Meals are almost always served with non (нон), flatbread found throughout Central Asia. If a Tajik has food but not non, he will say he is out of food. If non is dropped on the ground, people will put it up on a high ledge for beggars or birds. Legend holds that one is not supposed to put non upside down because this will bring bad luck. The same holds if anything is put on top of the non, unless it is another piece of non.

Breakfast usually consists of tea, kulcha (Tajik milk bread) or non with butter, hasib (sausage), panir (Feta cheese), qaymoq or sarshir, murabbā (jam), tukhmbiryān (omelettes with meat), etc.
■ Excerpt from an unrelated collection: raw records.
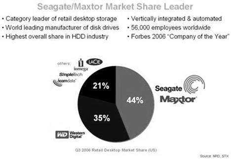 Если судить по данным NPD и Seagate, то объединенной компании Seagate+Maxtor в третьем квартале 2006 года принадлежало 44% retail-рынка. Чуть больше трети покрывалось WD, остальное составляли такие компании как Iomega, LaCie, SimpleTech и многие другие, специализирующиеся на внешних накопителях. Позиции у Seagate здесь, таким образом, хорошие, и было бы неправильно этим не воспользоваться и не предложить рынку новые продукты, которые могут укрепить эти позиции.
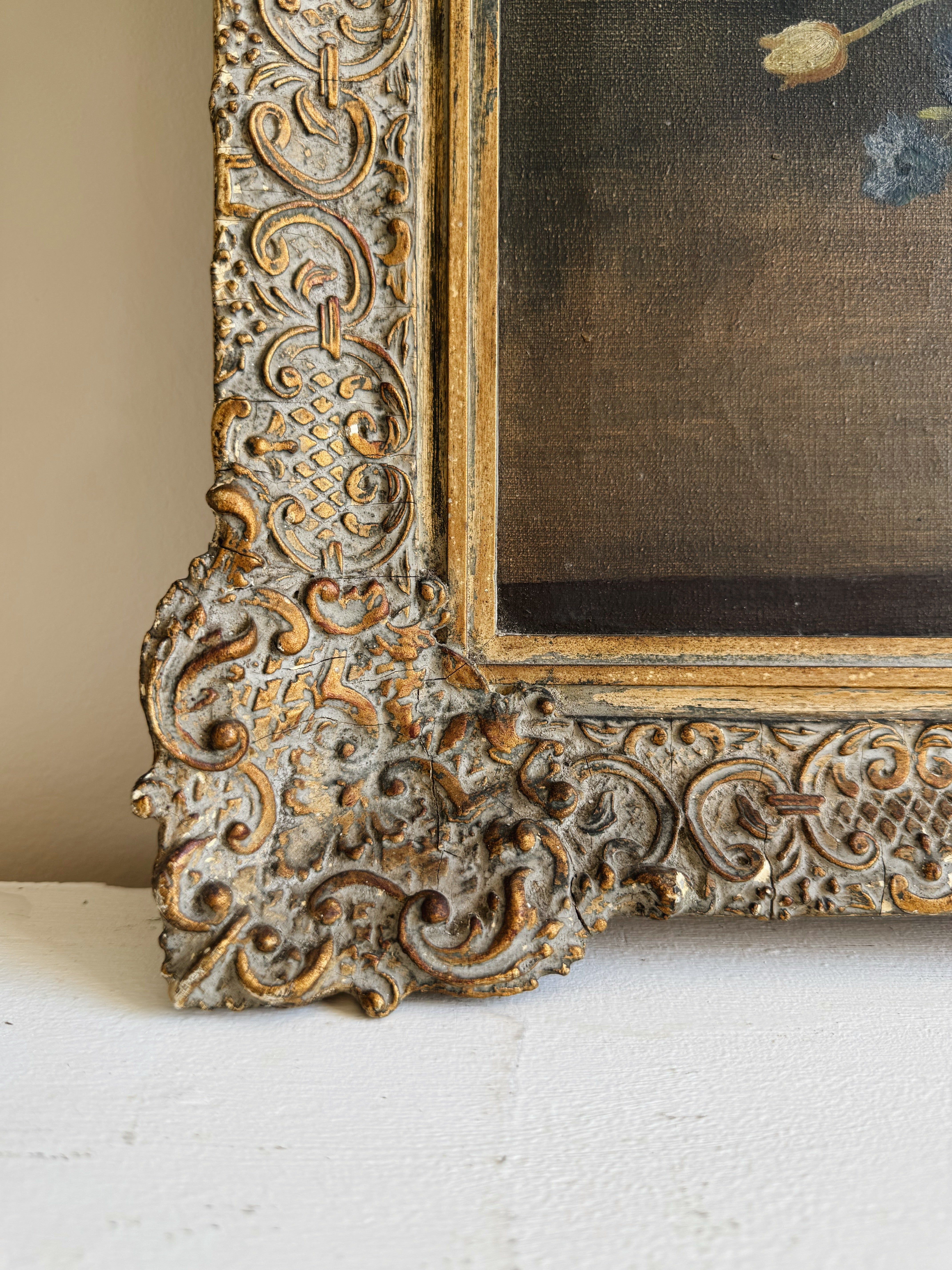 The painting is housed in an ornate carved gilt frame, richly patinated with time, which enhances the painting’s sense of drama and elegance. At 75 × 63 cm, this is a statement piece with true presence, perfect above a mantel, in a dining room, or as the anchor to a gallery wall.
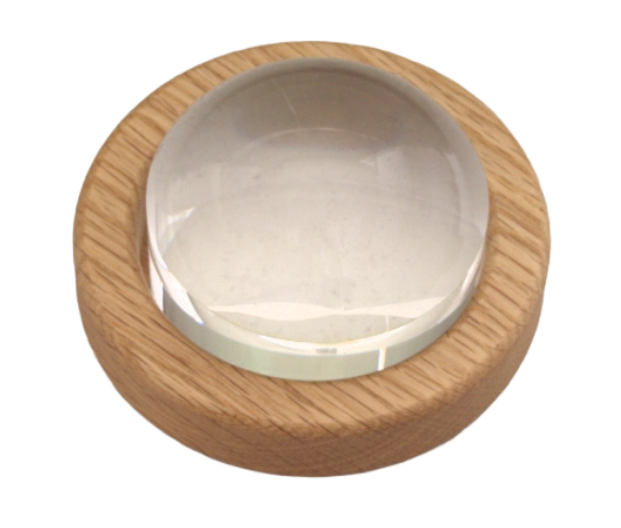 We offer round wooden bases for the 64mm and 89mm domes. The wooden base can be engraved and personalized.
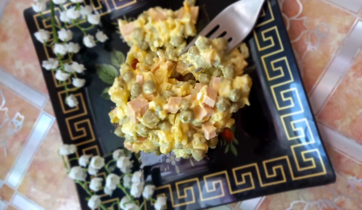 Теперь пришло время добавить консервированный горошек и нашинкованную колбасу. Главное — тщательно перемешать все ингредиенты, чтобы они успешно соединились. По желанию, можно подсолить, а затем заправить майонезом. Такой подход не только сэкономит время, но и украсит любой праздник.

Fruits such as berries, grapes, melons, apples, peaches, and apricots are eaten too during the summer. Kompot (a non-alcoholic sweet beverage that may be served hot or cold and is made with fruits) is often drunk as well.

Traditional Tajik soups include mainly meat and vegetable soups (such as shūrbā and piti), and meat soups with noodles (such as laghmon and ugro). Other dishes shared regionally, either as fast food or as an appetizer, include manti (steamed meat dumplings), tushbera (pelmeni), sambusa (a triangular pastry with either a meat and onion stuffing or a pumpkin and onion stuffing, baked in a tandoor oven), and belyash (pl. belyashi, беляши, deep-fried cakes made of yeast dough and filled with minced meat, similar to pirozhki).

Soviet cuisine both influenced and was in turn influenced by Tajik cuisine.

===Dairy products===
Dairy dishes, usually served as part of the spread of appetizers in a Tajik meal and scooped with pieces of flatbread, include chakka (a sour milk preparation), thick yogurt, and kaymak (high-fat clotted cream). Qurut balls may be served as a snack or an accompaniment to cold beverages. Although not a traditional Tajik drink, kefir, a drinking yogurt, is often served with breakfast.

===Summer produce===
In the summer, Tajikistan abounds in produce and fruit; its grapes and melons were famous throughout the former Soviet Union. The bazaar also sells pomegranates, apricots, plums, peaches, apples, pears, figs, and persimmons.

==Beverages==
Tea generally accompanies every meal and is frequently offered between meals as a gesture of hospitality to guests and visitors. It is served hot in a china pot with a lid, and is drunk with sugar from small saucer-less cups without handles (piola). Because of the universal popularity of tea-drinking, the choykhona, or teahouse, is the most common gathering place in Tajikistan, and is similar to the Western-style coffee house.